A signal is not the same as a Verilog register! Each process that drives
a VHDL signal represents a driver on that signal. Each driver has its
own copy of the value that its process is trying to drive. So, your
"initialisation" process is trying to drive (let's say) '0'. But the
other process starts by trying to drive 'U', because that's the default
initial value for any STD_LOGIC driver. The 'U' wins the conflict.
I guess that your "working" process was expecting to see your
desired initialisation value, not 'U', so it gets confused. In
any case this wouldn't work because whatever the second process
does, the "init" process is permanently trying to drive '0'
on to the signal.

The bottom line is that code in one process cannot influence the
values that are driven from within another process.

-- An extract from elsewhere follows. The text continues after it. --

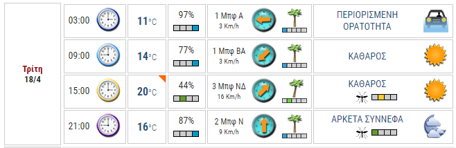 Ο καιρός στο Αγρίνιο σήμερα (Τρίτη, 18/04)

Since this is presumably a test bench, it's completely reasonable
to get rid of the "initialisation" process altogether, and
give the signal an initial value as part of its declaration:

architecture foo of bar is
...
signal S: std_logic := '0';
...
begin
...
process begin
loop
wait for 5 ns;
S <= not S; --- OK because S is initially '0'

This has the added advantage that the signal initialisation
is guaranteed to take effect BEFORE any process starts to
run, whereas your "two process" initialisation will suffer
from the problem that the initialisation would not take
effect until one delta time after the start of simulation.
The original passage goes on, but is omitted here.